From Warm Cotton to Fresh Laundry, Mountain Air, and Rain, the unassuming but captivating scents in the CLEAN Perfume library have always managed to evoke the simple pleasures of life, to capture the comforting feel of often-ignored aromas. CLEAN’s unique approach to fragrance has earned the brand a cult following, as has its eco-conscious approach to perfumery, its insistence on using natural ingredients and implementing responsible manufacturing practices that ensure a minimal carbon footprint. I’m still overcome with nostalgia when I get a whiff of the CLEAN Warm Cotton EDP, picturing cotton sheets hanging from clotheslines, drying under the heat of the sun. So, when I heard CLEAN had launched a new limited-edition scent for summer — aptly dubbed CLEAN Summer Sun Eau de Toilette ($59 at Sephora.com and CleanPerfume.com)— I expected love at first sniff. Unfortunately, it was not a match. Based on the initial aromatic impression alone, I’d swipe left.

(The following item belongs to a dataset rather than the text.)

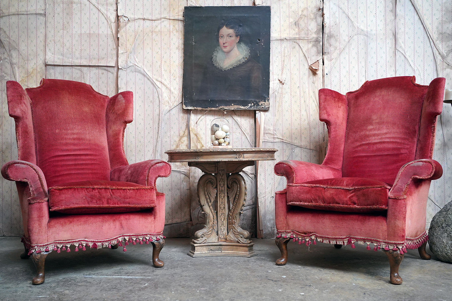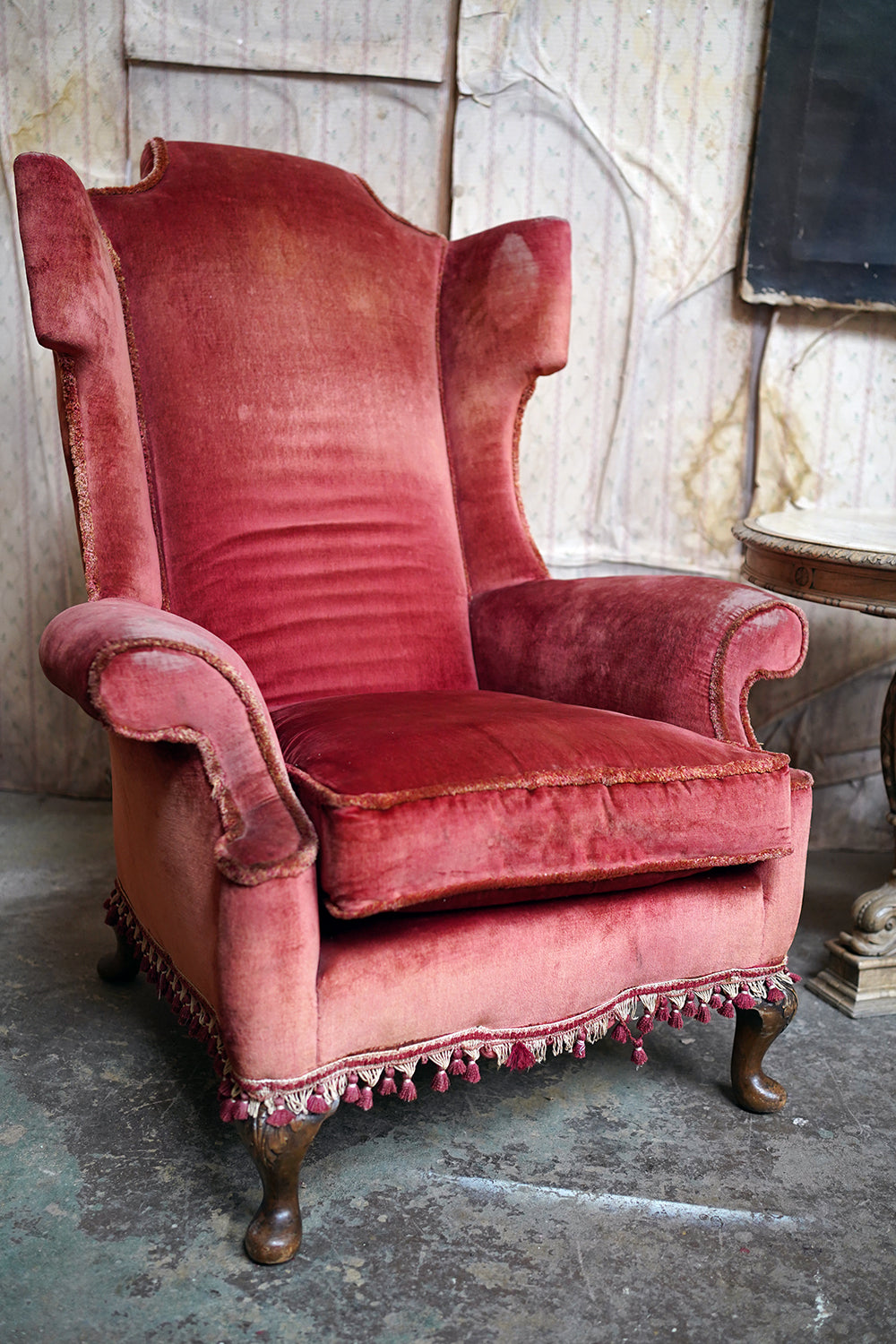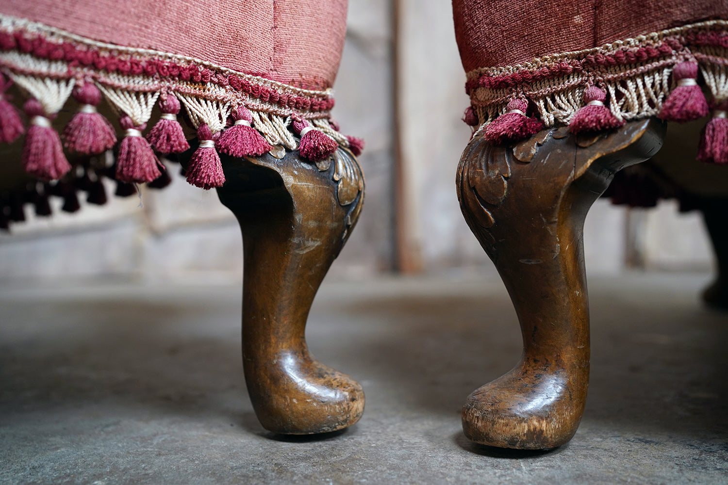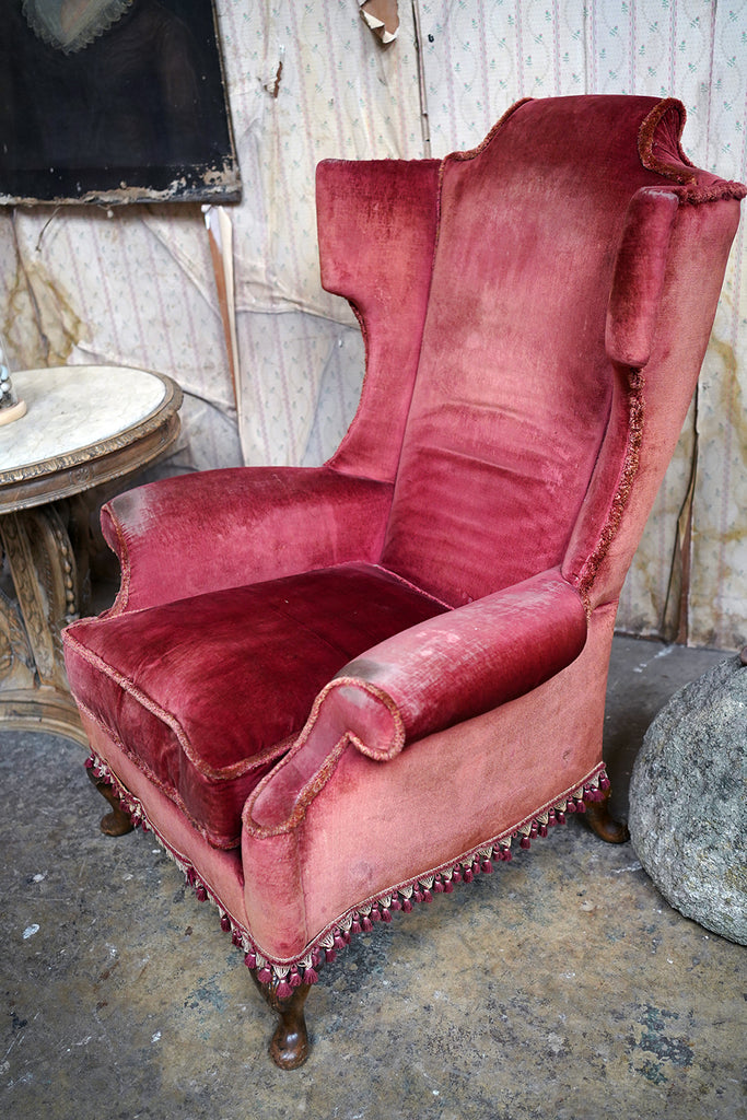 The Georgian revival country house wing armchairs, upholstered in historic faded scarlet red velvet with lower apron tasselling, each raised on short walnut cabriole legs with acanthus leaf detailing to pad feet, the wholes in the Queen Anne style, the carcasses with strongly defined shaped wing backs with pronounced sculptured scrolled wings and arm rests, each surviving from Edwardian period England.

Though the fragrance incorporates clementine, citrus tonic, and crisp apple top notes, I didn’t detect any of these when I spritzed the eau de toilette on my skin. There was no mouth-watering juiciness, no sunny zest, no ripe sweetness. My first reaction was to check the bottle again to make sure it wasn’t men’s cologne because what I smelled was distinctly masculine — not androgynous, not musky but sensual, not woody but alluringly mysterious. It was all amber and musk. Now, these notes do exist within the aromatic composition, but they’re meant to be background players, base notes that help to extend the fragrance’s life span and to create a more well-rounded product. Instead, they rush to the forefront immediately, making all the other notes as indistinguishable and forgettable as uncredited film extras.
The saddest part of the experience for me is that the fragrance’s heart goes unnoticed. The middle notes of honeysuckle, orange blossom, and juniper berry only appear in the most subtle of ways. An hour after applying the fragrance, once it’s faded to the point of being practically non-existent, you might notice the sweet honeysuckle and powdery orange blossom notes — albeit still enveloped in woody musks. Because the fragrance doesn’t have much lasting power, that moment when it finally hits its stride (an hour to 90 minutes after application) elapses incredibly quickly.
While perfumer Carlos Vinals hoped the fragrance would feel “free-spirited, confident, pure, and, most important, happy,” he fell short of the mark. For me, there was nothing euphoric, carefree, lively, or whimsical about this scent. If anything, it just felt like a man’s cologne in a pretty bottle.
That said, the bottle is rather stunning, featuring a gradient glass that moves from a warm yellow along the upper third to a peachy pink along the center, then transitioning to a deep fuchsia at the base of the bottle. This gradient scheme reminded me of the 2009 edition of the Carolina Herrera 212 on Ice fragrance, which itself captured the colors of a summer sunset. But, alas, the CLEAN Summer Sun’s packaging only goes so far and what lies inside that pretty bottle is hardly the makings of an aromatic summer romance.